-- Aim of the task --
In the records that follow, find the line containing "第四名、第五名和第六名是电子" and the line containing "一、2025南京科技职业学院录取分数线", then transcribe both and every line between them exactly, omitting pictures.

-- Record excerpts --
--
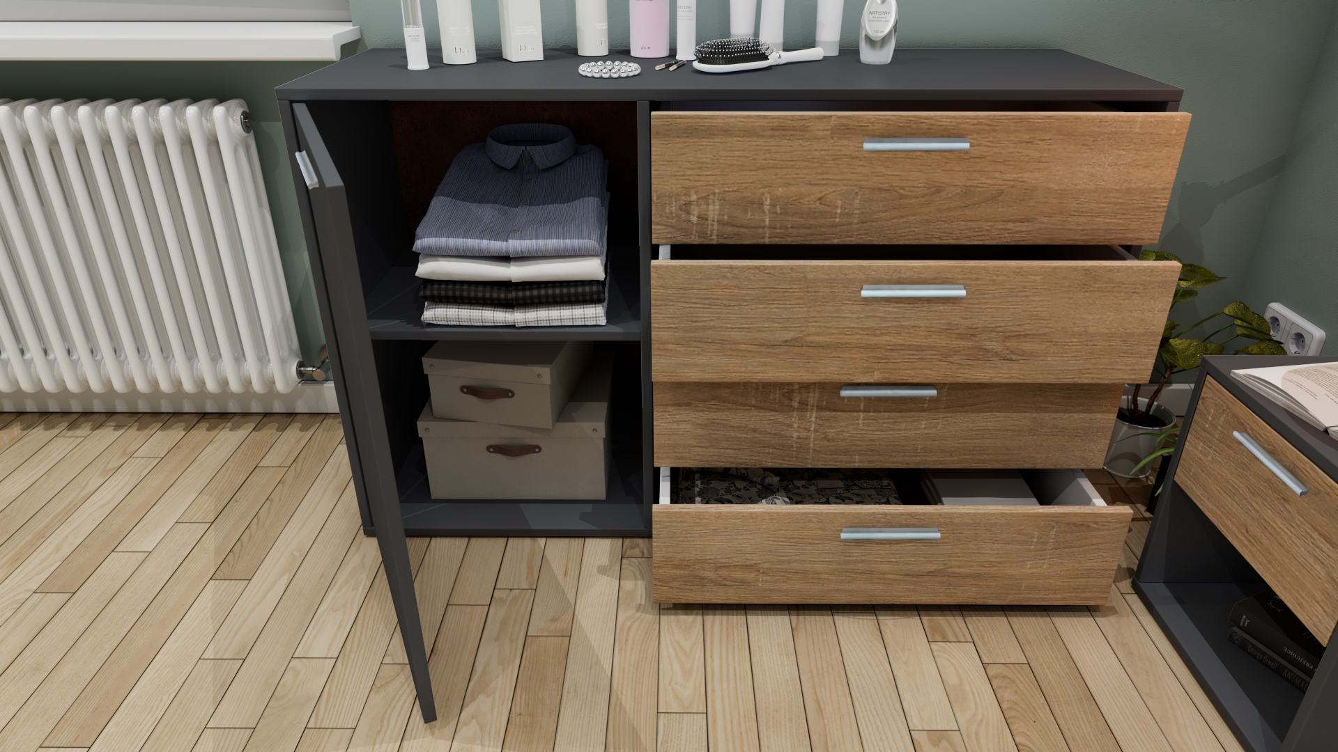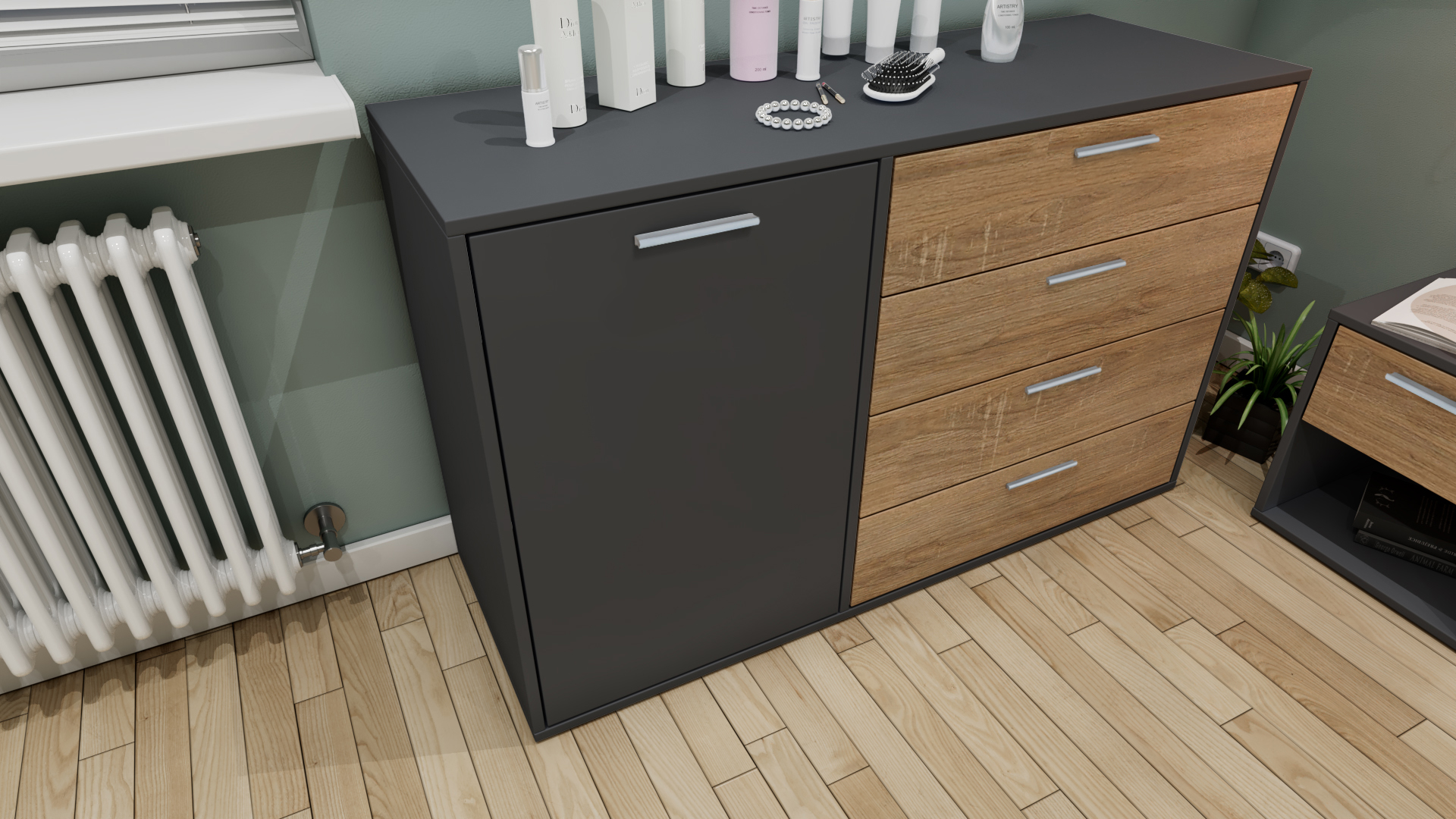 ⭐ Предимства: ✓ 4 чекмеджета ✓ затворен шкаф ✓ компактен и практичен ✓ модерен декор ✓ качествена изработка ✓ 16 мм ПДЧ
--
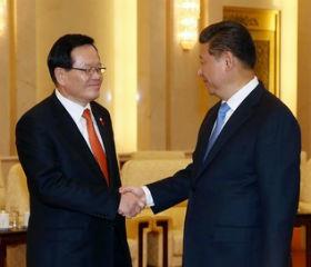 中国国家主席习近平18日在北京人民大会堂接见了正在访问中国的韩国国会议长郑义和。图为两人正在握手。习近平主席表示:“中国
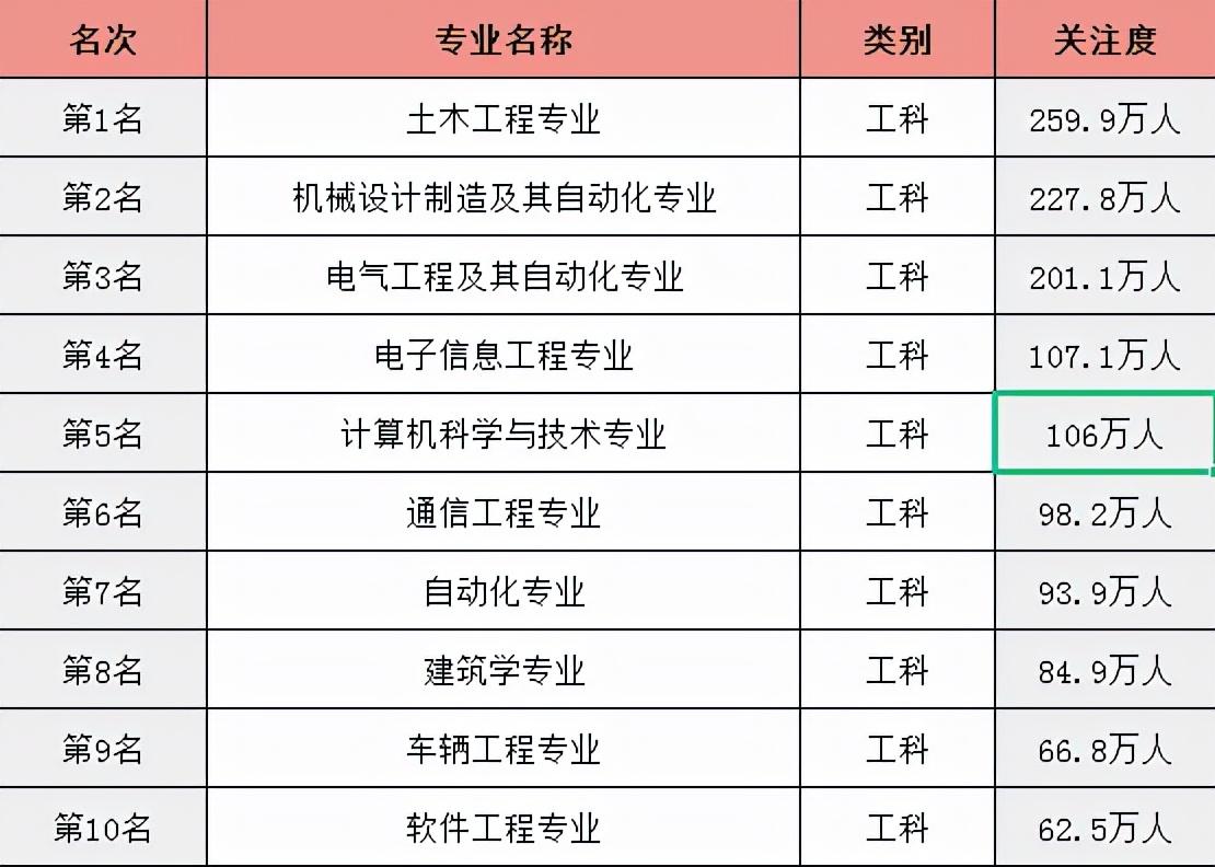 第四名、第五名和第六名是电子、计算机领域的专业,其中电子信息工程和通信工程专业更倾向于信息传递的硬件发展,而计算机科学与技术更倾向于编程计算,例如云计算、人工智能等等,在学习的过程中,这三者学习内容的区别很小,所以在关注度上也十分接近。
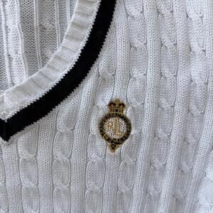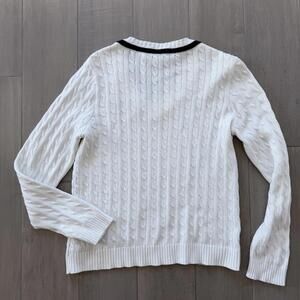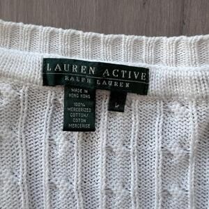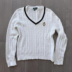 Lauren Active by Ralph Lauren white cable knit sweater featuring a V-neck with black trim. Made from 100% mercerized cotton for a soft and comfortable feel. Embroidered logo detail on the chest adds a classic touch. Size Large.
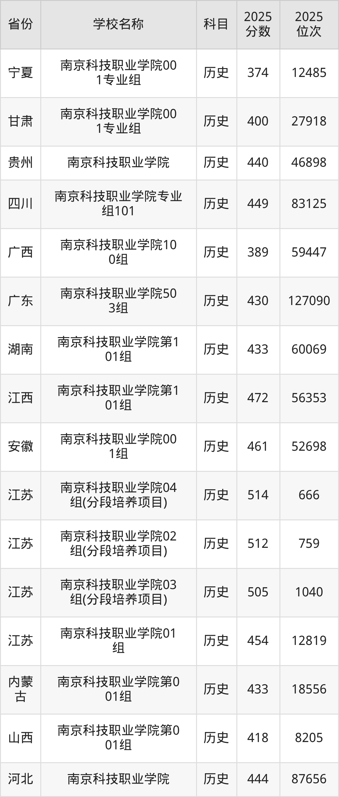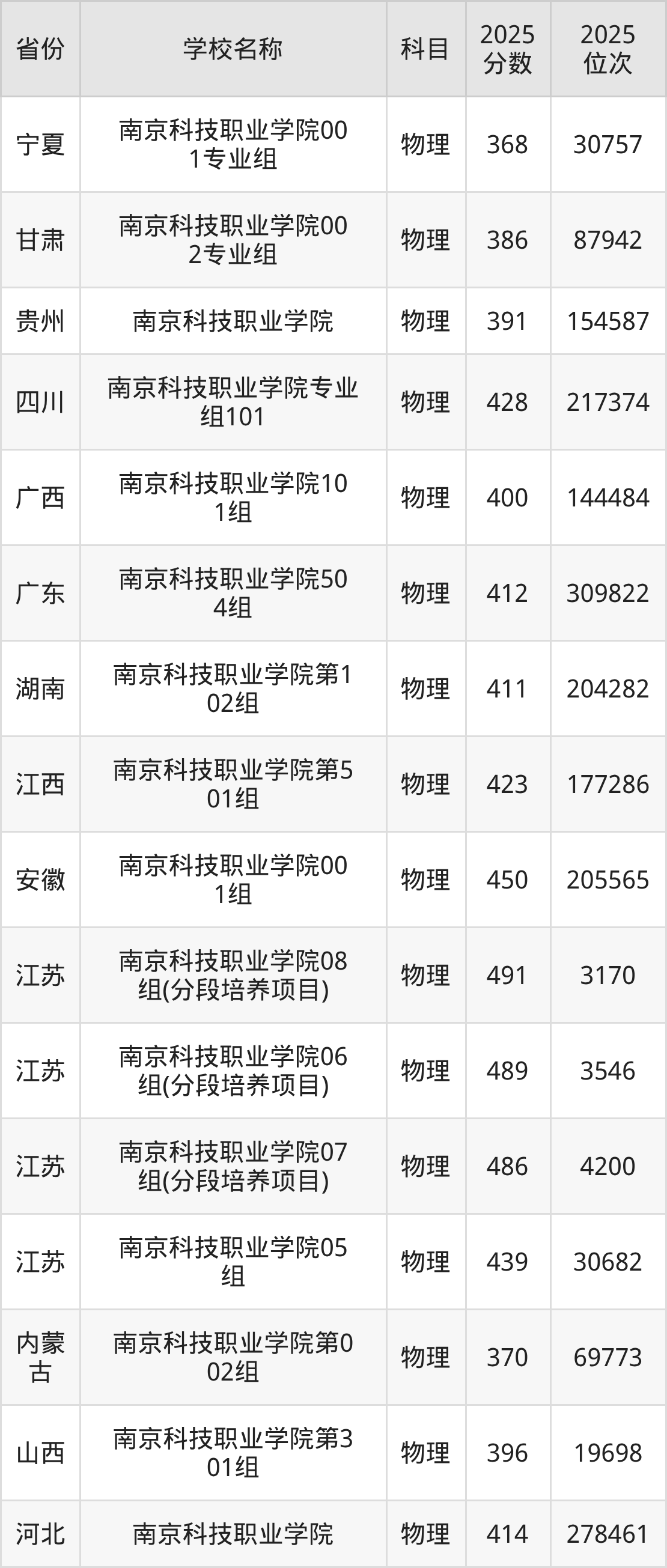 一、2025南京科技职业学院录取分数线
--
-- Expected answer --
 第四名、第五名和第六名是电子、计算机领域的专业,其中电子信息工程和通信工程专业更倾向于信息传递的硬件发展,而计算机科学与技术更倾向于编程计算,例如云计算、人工智能等等,在学习的过程中,这三者学习内容的区别很小,所以在关注度上也十分接近。
 Lauren Active by Ralph Lauren white cable knit sweater featuring a V-neck with black trim. Made from 100% mercerized cotton for a soft and comfortable feel. Embroidered logo detail on the chest adds a classic touch. Size Large.
 一、2025南京科技职业学院录取分数线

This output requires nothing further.